Retry policies, backoff, and idempotency are critical components in agent architecture to ensure reliable operations. Retry policies define how and when failed requests should be retried, while backoff strategies, such as exponential backoff, prevent overwhelming resources by spacing out retries. Idempotency ensures that repeated requests produce the same result, preventing unintended side effects. Together, these mechanisms enhance fault tolerance, consistency, and robustness in distributed systems and agent-based applications.
Retry policies, backoff, and idempotency are critical components in agent architecture to ensure reliable operations. Retry policies define how and when failed requests should be retried, while backoff strategies, such as exponential backoff, prevent overwhelming resources by spacing out retries. Idempotency ensures that repeated requests produce the same result, preventing unintended side effects. Together, these mechanisms enhance fault tolerance, consistency, and robustness in distributed systems and agent-based applications.
What is a retry policy?
A retry policy defines when and how to automatically retry a failed operation, including the number of attempts and the delays between them.
What is backoff and why is it used?
Backoff delays retries to reduce load on a failing system. Common approaches include fixed, linear, and exponential backoff.
What is idempotency and why is it important for retries?
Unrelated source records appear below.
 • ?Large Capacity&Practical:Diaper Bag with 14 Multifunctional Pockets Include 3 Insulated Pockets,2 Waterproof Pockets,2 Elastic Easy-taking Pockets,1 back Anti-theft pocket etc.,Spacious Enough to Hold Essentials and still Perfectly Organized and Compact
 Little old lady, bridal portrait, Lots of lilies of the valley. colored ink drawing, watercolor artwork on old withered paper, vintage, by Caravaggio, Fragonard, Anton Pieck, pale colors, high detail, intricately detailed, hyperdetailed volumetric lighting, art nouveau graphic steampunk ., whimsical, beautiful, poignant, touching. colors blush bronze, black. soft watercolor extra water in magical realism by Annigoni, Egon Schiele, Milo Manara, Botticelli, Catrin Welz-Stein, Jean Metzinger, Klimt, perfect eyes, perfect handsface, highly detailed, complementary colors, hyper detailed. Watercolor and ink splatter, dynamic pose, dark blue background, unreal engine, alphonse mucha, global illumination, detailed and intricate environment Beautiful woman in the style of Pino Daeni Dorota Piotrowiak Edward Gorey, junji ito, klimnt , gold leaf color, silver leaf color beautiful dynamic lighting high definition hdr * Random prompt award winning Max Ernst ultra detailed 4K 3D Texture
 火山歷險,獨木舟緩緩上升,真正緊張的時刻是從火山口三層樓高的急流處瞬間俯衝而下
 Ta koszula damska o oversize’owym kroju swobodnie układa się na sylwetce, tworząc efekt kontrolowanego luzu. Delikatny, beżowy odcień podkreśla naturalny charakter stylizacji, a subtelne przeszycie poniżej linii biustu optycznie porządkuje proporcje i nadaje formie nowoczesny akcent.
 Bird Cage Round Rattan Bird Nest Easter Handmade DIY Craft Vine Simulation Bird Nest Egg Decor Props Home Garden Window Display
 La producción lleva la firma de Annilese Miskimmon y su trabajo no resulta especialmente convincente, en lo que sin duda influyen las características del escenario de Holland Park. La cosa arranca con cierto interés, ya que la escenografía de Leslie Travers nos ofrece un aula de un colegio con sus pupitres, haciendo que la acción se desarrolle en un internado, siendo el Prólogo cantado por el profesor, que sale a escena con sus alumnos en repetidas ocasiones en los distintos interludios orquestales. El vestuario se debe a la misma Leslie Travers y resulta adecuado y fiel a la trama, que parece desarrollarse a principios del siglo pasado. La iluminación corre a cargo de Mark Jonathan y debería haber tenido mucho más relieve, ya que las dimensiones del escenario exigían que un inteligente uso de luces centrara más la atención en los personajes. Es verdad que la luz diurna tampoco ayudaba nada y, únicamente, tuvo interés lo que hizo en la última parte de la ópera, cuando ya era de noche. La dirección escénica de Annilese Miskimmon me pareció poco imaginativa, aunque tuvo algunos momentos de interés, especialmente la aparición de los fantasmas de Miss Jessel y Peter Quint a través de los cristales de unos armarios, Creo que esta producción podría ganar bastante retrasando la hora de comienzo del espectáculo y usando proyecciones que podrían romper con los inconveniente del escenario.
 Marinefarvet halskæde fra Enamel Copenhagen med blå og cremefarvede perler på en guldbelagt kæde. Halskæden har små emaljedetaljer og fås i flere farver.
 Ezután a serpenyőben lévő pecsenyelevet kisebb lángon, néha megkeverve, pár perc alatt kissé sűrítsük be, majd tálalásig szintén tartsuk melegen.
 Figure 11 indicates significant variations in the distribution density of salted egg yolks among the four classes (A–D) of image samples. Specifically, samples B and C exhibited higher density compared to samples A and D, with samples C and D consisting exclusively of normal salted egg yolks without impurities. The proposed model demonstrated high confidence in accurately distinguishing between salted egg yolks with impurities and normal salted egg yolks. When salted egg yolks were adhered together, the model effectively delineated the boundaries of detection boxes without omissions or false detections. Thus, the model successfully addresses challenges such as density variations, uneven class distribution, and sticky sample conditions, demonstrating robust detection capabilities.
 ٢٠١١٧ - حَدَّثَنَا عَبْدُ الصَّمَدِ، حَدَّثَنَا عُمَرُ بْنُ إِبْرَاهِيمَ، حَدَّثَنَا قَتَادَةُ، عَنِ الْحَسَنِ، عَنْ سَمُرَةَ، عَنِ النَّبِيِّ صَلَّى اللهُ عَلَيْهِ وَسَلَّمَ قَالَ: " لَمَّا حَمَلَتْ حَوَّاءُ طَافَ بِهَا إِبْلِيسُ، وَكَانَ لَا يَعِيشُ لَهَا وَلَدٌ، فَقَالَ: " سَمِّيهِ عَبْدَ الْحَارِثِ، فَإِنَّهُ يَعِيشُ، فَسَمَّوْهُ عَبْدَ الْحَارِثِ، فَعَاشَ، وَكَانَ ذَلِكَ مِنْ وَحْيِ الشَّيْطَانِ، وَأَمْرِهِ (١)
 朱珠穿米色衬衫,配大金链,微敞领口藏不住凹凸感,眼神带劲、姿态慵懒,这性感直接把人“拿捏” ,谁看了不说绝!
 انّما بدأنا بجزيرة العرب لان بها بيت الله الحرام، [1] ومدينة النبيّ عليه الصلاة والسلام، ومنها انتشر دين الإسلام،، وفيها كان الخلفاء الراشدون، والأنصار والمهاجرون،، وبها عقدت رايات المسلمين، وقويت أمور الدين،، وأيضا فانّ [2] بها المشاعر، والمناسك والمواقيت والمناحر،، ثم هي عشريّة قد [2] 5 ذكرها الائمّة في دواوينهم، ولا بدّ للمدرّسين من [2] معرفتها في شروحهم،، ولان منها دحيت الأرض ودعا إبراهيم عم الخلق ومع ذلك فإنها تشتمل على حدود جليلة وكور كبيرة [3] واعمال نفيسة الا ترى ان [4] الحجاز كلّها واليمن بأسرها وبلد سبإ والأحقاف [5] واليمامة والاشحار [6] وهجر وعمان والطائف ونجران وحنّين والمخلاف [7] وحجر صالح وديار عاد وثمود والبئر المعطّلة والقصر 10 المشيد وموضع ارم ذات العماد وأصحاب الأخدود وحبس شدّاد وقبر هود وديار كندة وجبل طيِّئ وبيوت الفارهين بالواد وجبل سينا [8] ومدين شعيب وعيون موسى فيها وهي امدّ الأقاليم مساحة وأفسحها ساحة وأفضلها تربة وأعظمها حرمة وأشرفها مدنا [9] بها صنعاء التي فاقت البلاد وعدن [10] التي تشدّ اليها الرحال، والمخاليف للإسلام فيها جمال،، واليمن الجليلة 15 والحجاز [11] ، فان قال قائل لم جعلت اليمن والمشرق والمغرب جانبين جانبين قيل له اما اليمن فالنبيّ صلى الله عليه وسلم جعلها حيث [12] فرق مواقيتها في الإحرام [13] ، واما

Idempotency means performing an operation multiple times has the same effect as performing it once. This prevents duplicates or unintended side effects when retries occur.
What is exponential backoff with jitter?
Exponential backoff increases the delay after each retry. Adding jitter randomizes delays to prevent simultaneous retries from many clients (thundering herd).
How do you design a safe retry policy for a distributed system?
Use idempotent operations when possible, set a reasonable max attempts, choose a backoff strategy, add jitter, and monitor outcomes to adjust parameters.